YOUR ASSIGNMENT:
Using the records below, quote only the span that opens with the line containing "Official coat of" and closes with the line containing "A portrait of", exactly and inclusively.

DATA PROVIDED:
########

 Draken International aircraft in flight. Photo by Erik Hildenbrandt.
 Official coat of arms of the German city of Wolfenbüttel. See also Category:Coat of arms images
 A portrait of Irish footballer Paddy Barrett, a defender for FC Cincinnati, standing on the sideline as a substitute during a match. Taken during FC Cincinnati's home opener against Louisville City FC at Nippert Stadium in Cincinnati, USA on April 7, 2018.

########

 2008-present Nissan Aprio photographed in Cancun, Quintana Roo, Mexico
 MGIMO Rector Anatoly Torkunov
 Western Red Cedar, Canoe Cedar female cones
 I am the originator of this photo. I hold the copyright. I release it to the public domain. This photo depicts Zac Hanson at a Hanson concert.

########

WRITTEN RESPONSE:
 Official coat of arms of the German city of Wolfenbüttel. See also Category:Coat of arms images
 A portrait of Irish footballer Paddy Barrett, a defender for FC Cincinnati, standing on the sideline as a substitute during a match. Taken during FC Cincinnati's home opener against Louisville City FC at Nippert Stadium in Cincinnati, USA on April 7, 2018.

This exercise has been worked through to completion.